É geralmente aceite que o realismo indirecto nos ameaça com o cepticismo acerca do mundo externo. Se tudo aquilo de que podemos ter consciência consiste apenas nas nossas próprias representações perceptivas, parece que nunca podemos dispor de razões para acreditar que existe um mundo de objectos físicos para além dessas representações. A perspectiva do realismo indirecto, dizem os seus críticos, isola-nos da realidade externa impedindo-nos aparentemente de com ela ter contacto. Essa perspectiva abre uma porta para o cepticismo, porta essa que nunca mais consegue fechar. Isto fornece uma boa razão para se tentar encontrar uma análise alternativa da percepção que não tenha estas implicações cépticas.
Mas pode ser que não haja uma análise alternativa. Pois, (…) é simplesmente falso implicar que a ameaça do cepticismo provém apenas do realismo indirecto. O que levanta o problema céptico é o facto de ser logicamente possível que as nossas experiências possam ser como são agora, como quando supomos que estamos a ler um livro, e, no entanto, não estarmos de todo realmente a fazê-lo, mas apenas a dormir, a alucinar ou a ser enganado por um espírito malevolo ou por cientistas loucos. E este facto mantém-se, independentemente de se saber qual é verdadeiro ou falso, se o realismo indirecto ou o realismo directo. Seja a nossa tomada de consciência dos objectos físicos tão directa quanto se queira: mantém-se aberta a questão de se saber se num determinado caso em que pensamos ter uma percepção verídica estamos realmente a tê-la ou se há justificação para pensar que assim é. (…) Portanto, a insinuação de que o realismo indirecto tem de ser rejeitado porque isso nos levaria ao problema céptico parece não nos levar longe. O problema do cepticismo permanece connosco, seja qual for a posição que tomemos. Não coloca mais problemas ao realista indirecto do que a qualquer outro.

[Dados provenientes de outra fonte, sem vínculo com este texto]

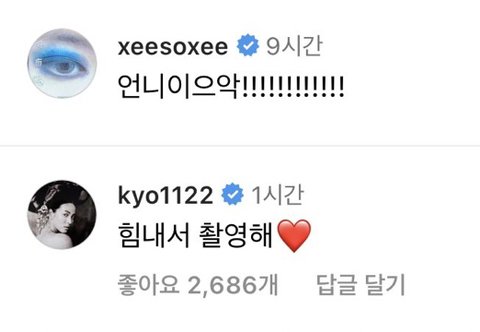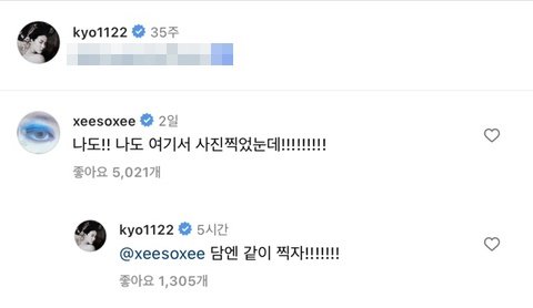 그리고 다른 송혜교의 SNS 게시물에 댓글을 남기는 한소희

Na verdade, pode até argumentar-se que, no que toca ao cepticismo, uma vantagem do realismo indirecto relativamente ao realismo directo é a de melhor explicar a razão de existir um problema céptico. Se nunca estamos directamente conscientes de mais nada senão das nossas próprias representações perceptivas, é perfeitamente compreensível que devem existir ocasiões em que nós pensamos que há objectos externos que correspondem a essas representações quando não as há.
Edward Feser, Philosophy of mind. A beginner’s guide. (Oxford, 2006). Trad. Carlos Marques.